Also, when Brook says, “here I am able to show that the correlation coefficient between the two populations (NBA payroll and NBA performance) for the 2008-2009 season is statistically zero,” this is an abuse of hypothesis testing. To say that the correlation is statistically zero is to say that we can generate a confidence interval for the correlation coefficient that is centered at zero and has width zero. Obviously, this is not the case. What is true is that we are unable to show that, if the probability model is right, a true population with a correlation coefficient of zero would generate fewer than 5 yearly payroll/victory combinations out of every 100 samples with sample correlation coefficients as big or bigger than the one we observed. This is routinely glossed with the phrase “statistically indistinguishable from zero,” but not “statistically zero.”

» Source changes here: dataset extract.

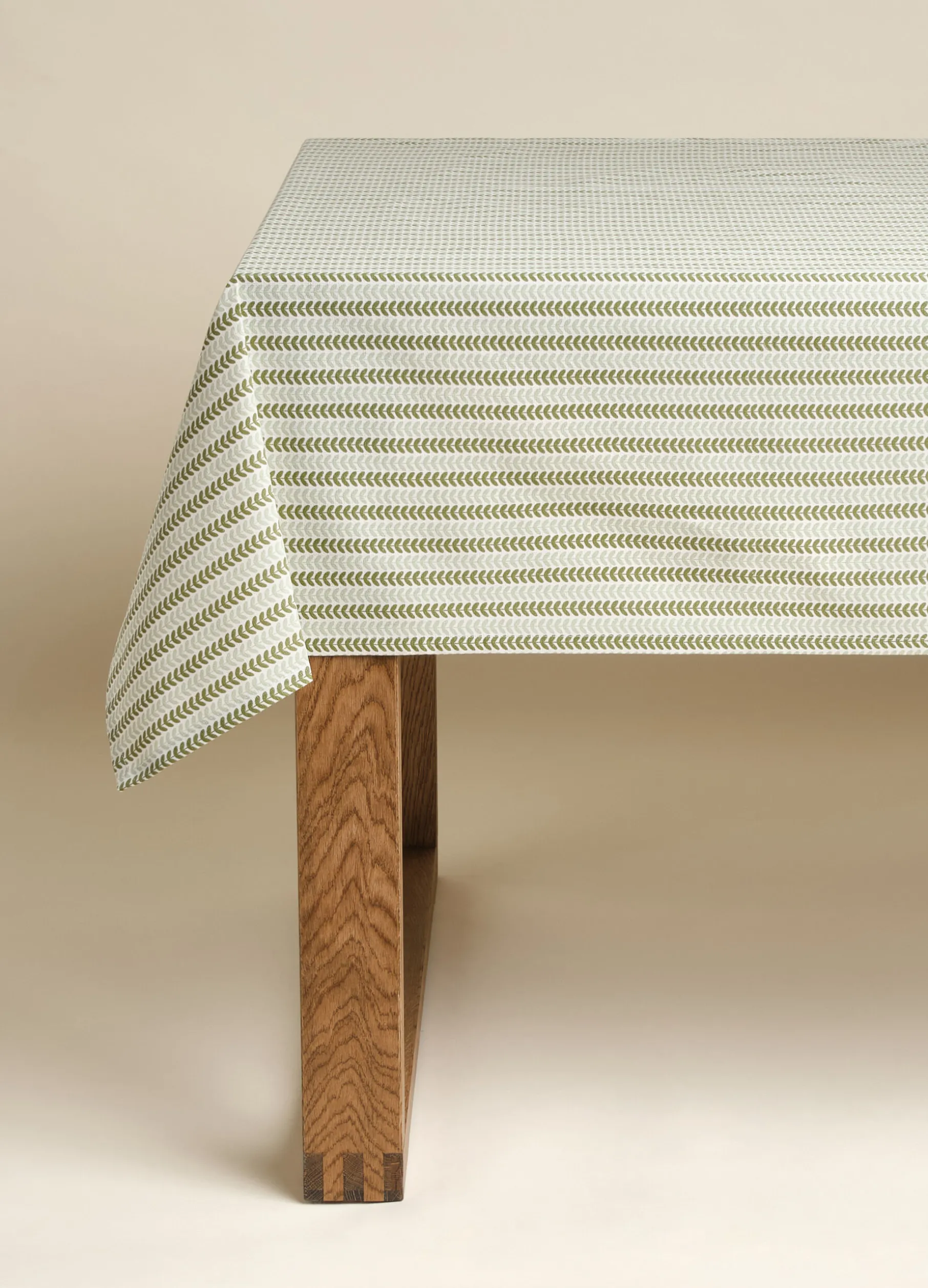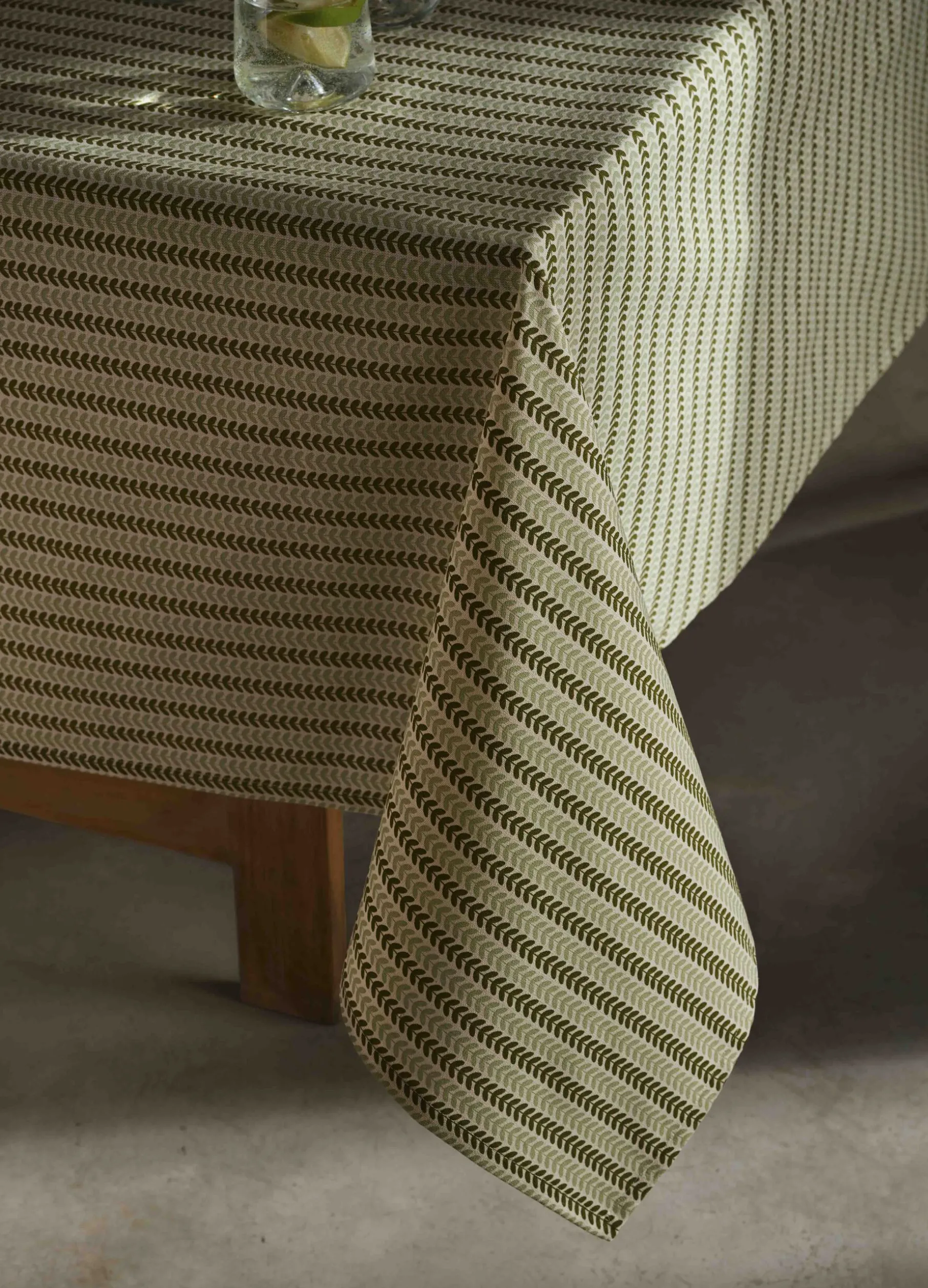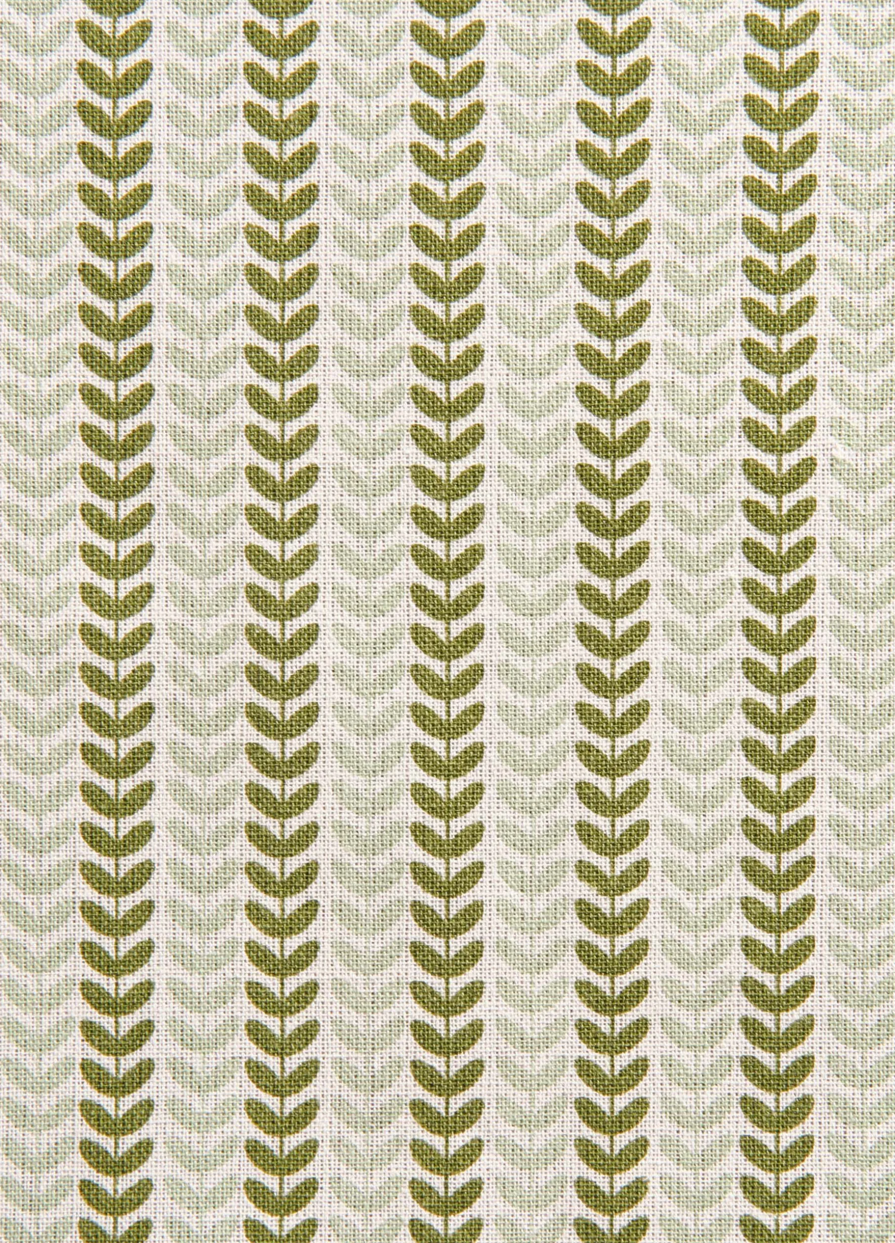 Tovaglia quadrata a 4 posti realizzata in puro cotone e arricchita da un delicato motivo all over di ispirazione botanica in due toni di verde. Dimensioni: 140 x 140 cm.

Finally, “spurious correlation” is about bivariate correlations that disappear when theoretically appropriate covariates are added to create a multivariate version of the model. It has nothing to do with the difference between r and R^2. In the present context, one might be tempted to ask whether there might be something of a spurious non-correlation between spending and performance. I don’t know if this is the case, but one plausible alternative hypothesis might be that underperforming teams tend to add payroll more quickly than other teams in the effort to improve their situation…
Todd
May 5, 2009
“The box score has its limits—most notably it’s hard to draw any conclusions about defense from box scores”
I find the quoting of this comment peculiar on this website since one of the major premises of win score seems to be that the box score gives credit for rebounds and the rebounder should get credit for all of the defense provided by his team other than blocks and steals.
Acknowledging this weakness of the box score is basically acknowledging that win score overrates rebounding and underrates defense.
Oren
May 6, 2009
Todd,
You are aware that Berri didn’t write that quote, right?
He was quoting the whole article of a different author(Matthew Yglesias) because he was too busy to write his own.
That doesn’t mean that Berri agrees with it.
mrparker
May 6, 2009
todd,
Win score does not give all credit for defense to the rebounder. It does however give much more credit than other player evaluations.
Michael
May 6, 2009
^Case in point, Denvers defense being so much better after losing Marcus Camby. (Billups and Anderson obviously also get some credit.)
Michael
May 6, 2009
Actually that reminds me, I think I owe Charley Rosen an apology concerning Camby!
Christopher
May 6, 2009
How about no column on the MVP. Lebron James has easily surpassed Kobe Bryant and was the only credible choice for MVP. This is really a non-issue. Maybe and MVP by position would be intriguing. But I’m more intrigued by the notion that the Cavs look like they could win the title without losing a single game. I’d like some perspective on that and on coaching. I remember you saying something about a subset of coaches made their payers better. Are they still coaching? Is Mike Brown one of them?
Chip Crain
May 6, 2009
Why not blow off the grading and focus your attention on your blog. I am sure your students would appreciate it!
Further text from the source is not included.